I’m a massive fan of eighteenth century novels – and by that I mean both books set in the eighteenth century and also written back then too. This love goes back a LONG looong way and was crowned by my choosing to write a comparison of Richardson’s Clarissa and Laclos’ Les Liaisons Dangereuses for my A Level English Literature long essay – an immense undertaking that really ought to have scared the bejesus out of me if I hadn’t been such a cocky little so and so at the time. Let’s not even go into my choices for my GCSE English Literature long essay (oh go on, let’s – I did a comparison of A Tale of Two Cities, Les Dieux ont Soif by Anatole France and The Wanderer by Frances Burney as different depictions of the French Revolution and its aftermath. Erk.)
Anyway, eighteenth century fiction and me go back a LONG way and I’m really happy about that, although every now and again, I wish that more books set during this fascinating and rather glamorous period would come out as opposed to yet more Tudor offerings. It’s not all bad though as I just DEVOURED the brilliant Mistress of My Fate by Hallie Rubenhold, which is a superb evocation of a Georgian good time girl adrift in the licentious world of 1790s London.
Emma Hart, Lady Hamilton in a straw hat, Romney, c1782. Photo: Huntington Library, California.
Okay, some reviewers haven’t been too keen on the breathless ‘Oh! Dear Reader!’ tone with which the heroine narrates her adventures but I really love that sort of thing and find it very engaging. Mind you, it helps if you actually really like the heroine involved, which I very much did, finding Henrietta Lightfoot very sweet, slightly ridiculous but altogether exceedingly human as she relates her fall from grace from the position of impoverished hanger on to a noble family to kept mistress of her one true true love to professional courtesan to various gentlemen about town. It could be a bit seedy but Henrietta’s ingenue gushing, over excitement and often wide eyed wonderment at the world that surrounds her keeps the tone lively and light hearted.

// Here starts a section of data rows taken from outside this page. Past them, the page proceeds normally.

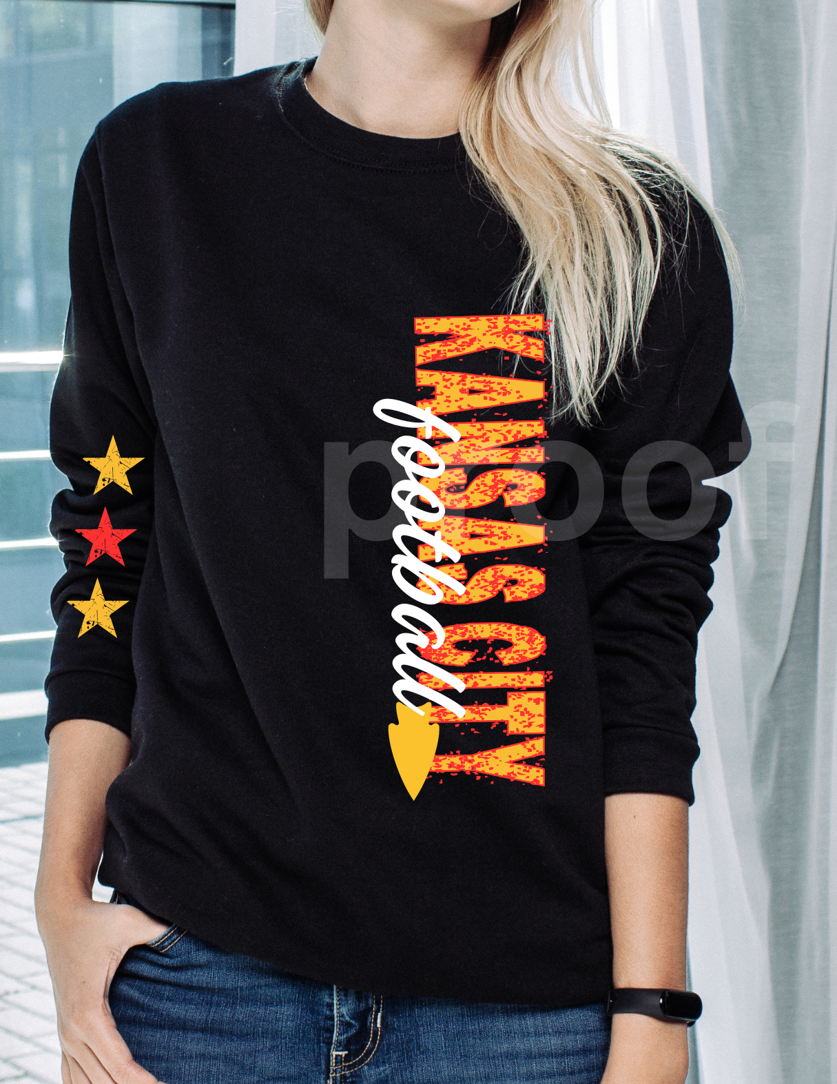 This sideways print is fun and cute! With KC football on the front and starts on the opposite arm. Unisex fit.
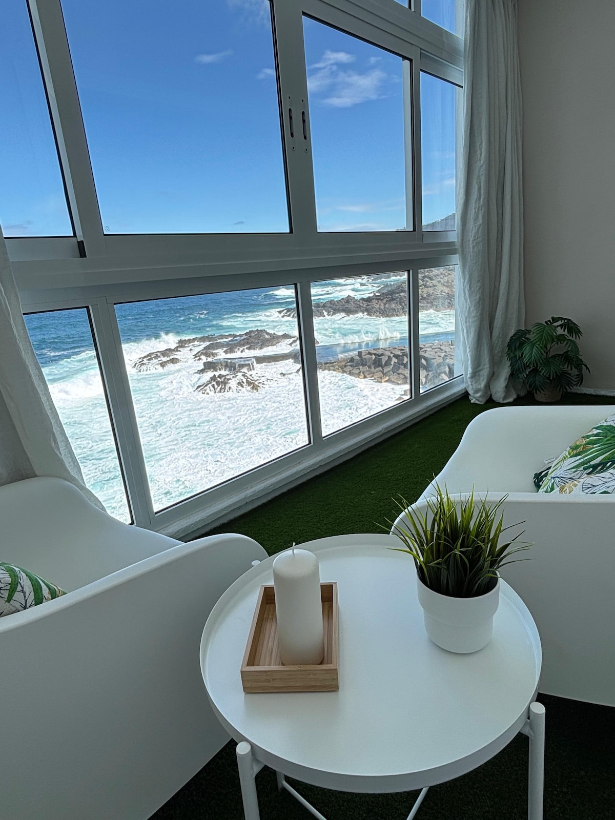Moderno apartamento frente al mar recién reformado y elegantemente decorado con tonos claros y elementos naturales donde se ha cuidado hasta el último detalle para conseguir un acabado acogedor y relajante con todas las comodidades necesarias para disfrutar de unas maravillosas vacaciones con una ubicación idílica, alejado del turismo convencional en una de las playas más bellas y paradisíacas del norte de la isla y junto a una piscina natural de una belleza increíble.
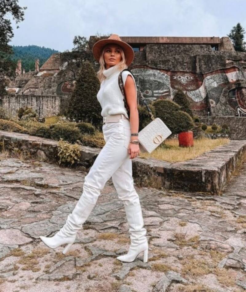 Recientemente en su Instagram, la novia de Gabriel Soto cautivó a sus más de tres millones de seguidores con un outfit inspirado en la esencia cowboy al llevar un sombrero café y unas botas blancas, recordando sin duda a Jennifer Lopez.
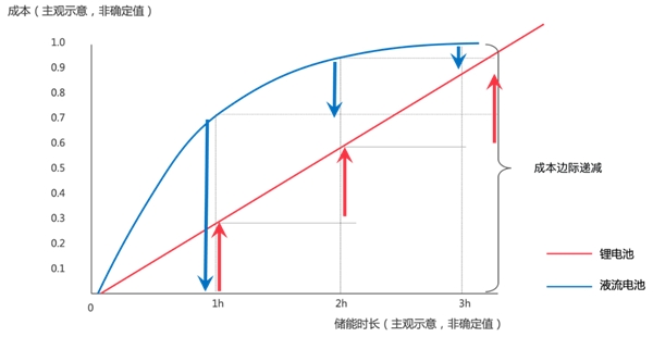 在結(jié)構(gòu)層面,鋰離子電池將功率輸出與能量儲存裝置緊密結(jié)合。如果要增加儲能時長,就要等比例增加電池成本。因此,4小時儲能系統(tǒng)的電池成本相當于1小時儲能系統(tǒng)成本的4倍。鋰離子電池在長時儲能領(lǐng)域并不具備經(jīng)濟性。
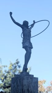 It is one of Spain’s best examples of Isabelline Gothic architecture. It was built between 1477 and 1504. The main facade features a grand entrance door with an impressive coat of arms, many gargoyles and a huge studded wooden door, and a display of chains, hung high on the left hand side, once worn by Christians who were freed from imprisonment in Granada. There was a modern statue of Jesus with a hula-hoop in front of the monastery.

However, although Henrietta starts off all sweetly innocent there are clear rumblings right from the start of future scandals to come and as her story unfolds it becomes clear that she is a most unusual heroine, not too ‘feisty’ to be utterly unbelievable as a product of her times but still gaining strength and capable of some clear deviousness as she does her best to get her own way, picking up card sharping, acting and financial acumen as she goes with, we are promised, future forays into spying and forgery still to come.
I’m VERY much looking forward to the sequel, The French Lesson, which picks up where Mistress of my Fate rather rapturously left off and involves Henrietta swapping the glittering demi monde of London for the rather more dangerous but altogether more exciting one of Revolutionary Paris.
Definitely recommended.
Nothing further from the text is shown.